Nöjd se echó a reír.

—Dialecto de Escania —aclaró—. ¿Qué decís en Estocolmo? Canear, ¿no? Violencia doméstica, en lenguaje policial. Qué puñetera expresión, por cierto. Violencia doméstica. En cualquier caso, me ha tocado ir para allá un par de veces. La primera vez logré hacerle entrar en razón hablándole. Pero la siguiente vez fue peor. Tuve que darle un puñetazo y meterlo en nuestro maravilloso calabozo. Sigbrit estaba hecha un puto asco. Ojos amoratados y unas marcas muy feas en el cuello.

Nöjd se puso a toquetear su sombrero de cazador de leones.

—Conozco a Bertil Mård. Se corre juergas, pero creo que no es tan malo como parece. Y está enamorado de Sigbrit. Y es celoso. Aunque no creo que tenga motivo. No sé nada sobre la vida sexual de ella, si la tiene. Si la tuviera, yo debería saberlo. Aquí en buena medida sabemos todo sobre todos. Sobre todo yo.

—¿Qué dice el propio Mård?

—Le interrogaron en Malmö. Tiene una especie de coartada para el 17 de octubre. Estaba en Copenhague ese día, dice. Cogió el transbordador Malmöhus, pero...

—¿Sabes quién lo interrogó?

—Sí. Un detective llamado Månsson.

Martin Beck conocía a Månsson desde hacía tiempo y tenía gran confianza en él. Se aclaró la garganta y dijo:

—Con otras palabras: que las cosas para Mård tampoco pintan bien.
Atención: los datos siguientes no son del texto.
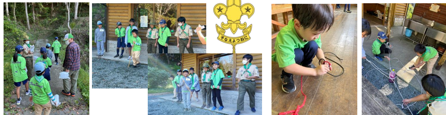
10/12 ボーイスカウト土曜部の活動 棒とり

Nöjd se quedó pensativo. Rascó al perro un rato y luego declaró:

—No. Pero pintan muchísimo mejor que para Folke Bengtsson.

—Si es que a Sigbrit le ha pasado algo.

—Ha desaparecido. Para mí es suficiente. Nadie de los que la conocen puede encontrar una explicación razonable.

—¿Qué aspecto tiene ella, por cierto?

—Qué aspecto tendrá ahora mismo, prefiero no pensarlo —respondió Nöjd.

—Es una idea preconcebida.

—Claro. Solo digo lo que yo creo. Por lo demás, ella es así.

Se metió la mano en el bolsillo trasero y sacó dos fotografías, una foto de pasaporte y una ampliación doblada en color.

Echó un vistazo a las imágenes antes de alargárselas a Martin Beck.

Luego comentó:

—Las dos son buenas. Yo diría que su aspecto es normal. Como la mayoría de la gente. Bastante guapa, claro.

Martin Beck las examinó un largo rato. Dudaba de que Nöjd fuera capaz de verlas con los mismos ojos que él, lo cual, por supuesto, era por otro lado técnicamente imposible.

Sigbrit Mård no era bastante guapa. Más bien era una mujer bastante fea y desgarbada. Sin embargo, era evidente que se esforzaba al máximo en tener buen aspecto, lo cual en la mayoría de los casos conduce a un pobre resultado. Su rostro era irregular y afilado, y su expresión, irremediablemente amargada. Pero la foto de pasaporte no era, como la mayoría entonces, de fotomatón o de cámara Polaroid, sino una típica fotografía de estudio. Se había esmerado con el maquillaje y el peinado, y a buen seguro el fotógrafo le había dado varias muestras a elegir. La segunda imagen era una fotografía de aficionado, pero la copia no estaba hecha a máquina, sino revelada y retocada a mano. La mostraba de cuerpo entero, de pie en un muelle, y en el fondo se veía un barco de pasajeros con dos chimeneas. Miraba hacia el sol con afectación y posaba de una manera que a todas luces creía que le favorecía. Vestía una fina blusa sin mangas verde y una falda plisada de color azul, llevaba las piernas desnudas y de su hombro derecho colgaba una gran bolsa de verano amarilla y naranja. Calzaba unas sandalias con suela de plataforma. Adelantaba ligeramente el pie derecho, con el talón levantado del suelo.

—Esta es reciente —dijo Nöjd—. Fue tomada el verano pasado.

—¿Quién se la hizo?

—Una amiga suya. Hicieron una excursión.

—A Rügen, parece. Lo que se ve es el ferry Sassnitz, ¿no?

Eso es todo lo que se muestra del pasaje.